Dataset excerpts
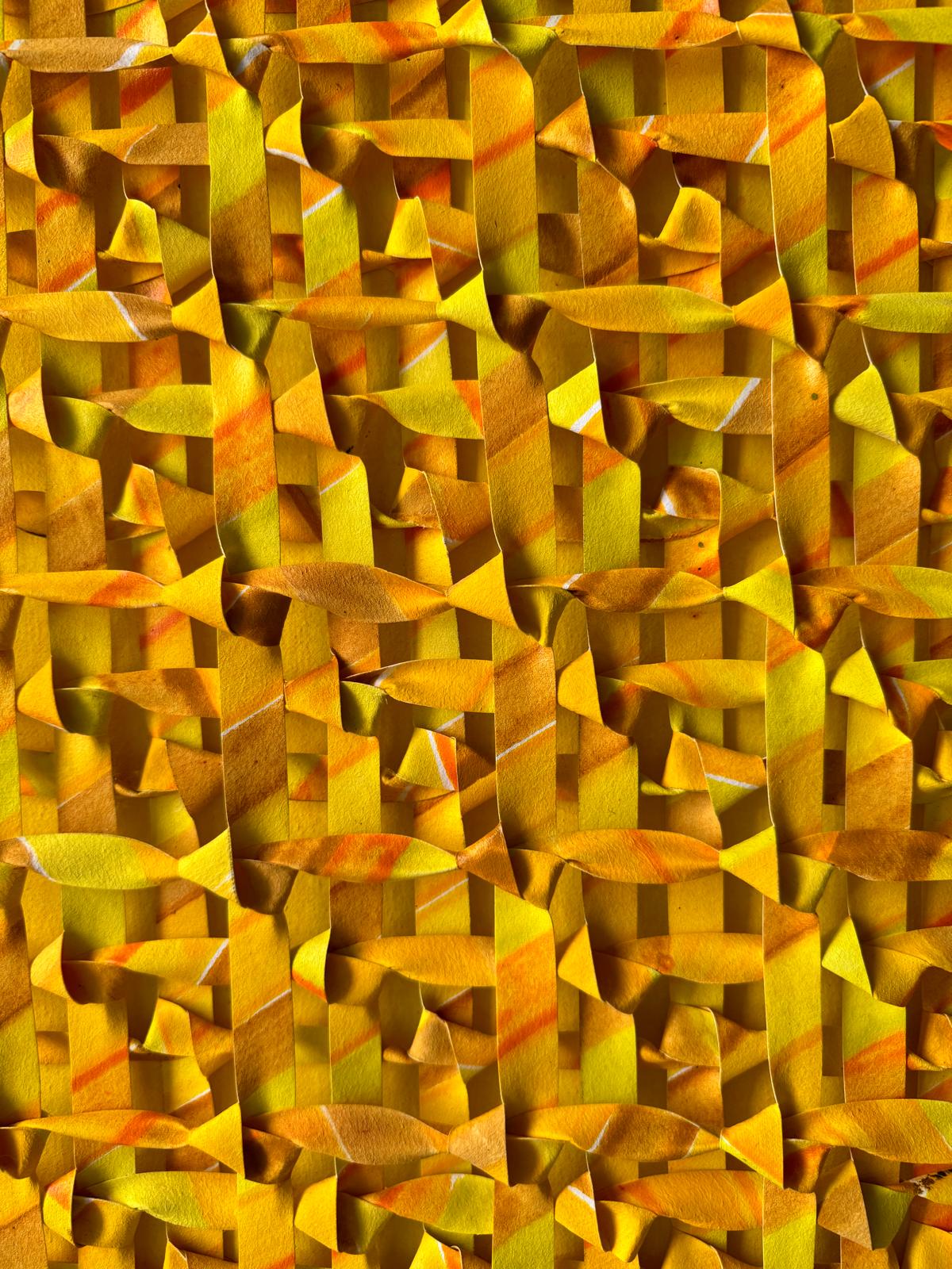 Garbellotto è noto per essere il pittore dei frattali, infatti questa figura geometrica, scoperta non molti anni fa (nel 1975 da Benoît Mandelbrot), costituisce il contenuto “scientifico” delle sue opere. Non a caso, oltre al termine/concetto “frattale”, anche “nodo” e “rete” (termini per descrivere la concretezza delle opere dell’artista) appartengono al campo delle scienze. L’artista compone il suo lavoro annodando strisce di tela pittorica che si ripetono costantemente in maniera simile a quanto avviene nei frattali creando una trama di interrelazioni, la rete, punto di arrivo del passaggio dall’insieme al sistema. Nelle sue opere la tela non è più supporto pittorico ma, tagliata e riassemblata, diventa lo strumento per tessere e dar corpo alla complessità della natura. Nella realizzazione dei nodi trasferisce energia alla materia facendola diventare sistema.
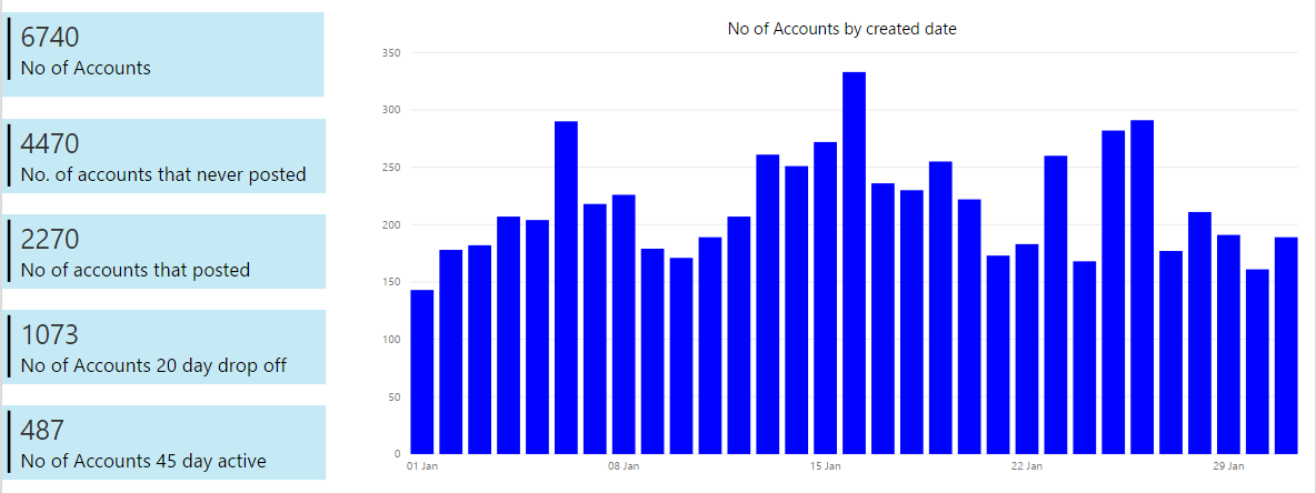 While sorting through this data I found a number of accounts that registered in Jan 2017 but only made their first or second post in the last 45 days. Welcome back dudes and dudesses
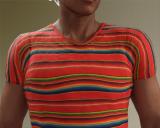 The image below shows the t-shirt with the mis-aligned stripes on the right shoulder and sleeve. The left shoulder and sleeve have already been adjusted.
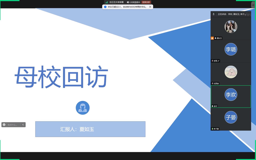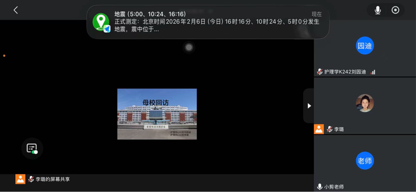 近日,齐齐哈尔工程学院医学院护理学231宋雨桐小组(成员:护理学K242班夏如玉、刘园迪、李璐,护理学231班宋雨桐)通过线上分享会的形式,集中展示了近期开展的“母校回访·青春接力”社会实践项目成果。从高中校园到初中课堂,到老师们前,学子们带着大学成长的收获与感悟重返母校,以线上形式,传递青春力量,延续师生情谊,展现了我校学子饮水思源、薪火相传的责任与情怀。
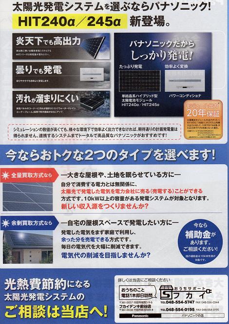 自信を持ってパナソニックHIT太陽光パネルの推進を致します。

## [TASK INSTRUCTIONS]
Leave out each picture and extract the lines from the one containing "While sorting through" through the end of the records above, inclusive, exactly as they stand.

## [ANSWER TO THIS TASK]
 While sorting through this data I found a number of accounts that registered in Jan 2017 but only made their first or second post in the last 45 days. Welcome back dudes and dudesses
 The image below shows the t-shirt with the mis-aligned stripes on the right shoulder and sleeve. The left shoulder and sleeve have already been adjusted.
 近日,齐齐哈尔工程学院医学院护理学231宋雨桐小组(成员:护理学K242班夏如玉、刘园迪、李璐,护理学231班宋雨桐)通过线上分享会的形式,集中展示了近期开展的“母校回访·青春接力”社会实践项目成果。从高中校园到初中课堂,到老师们前,学子们带着大学成长的收获与感悟重返母校,以线上形式,传递青春力量,延续师生情谊,展现了我校学子饮水思源、薪火相传的责任与情怀。
 自信を持ってパナソニックHIT太陽光パネルの推進を致します。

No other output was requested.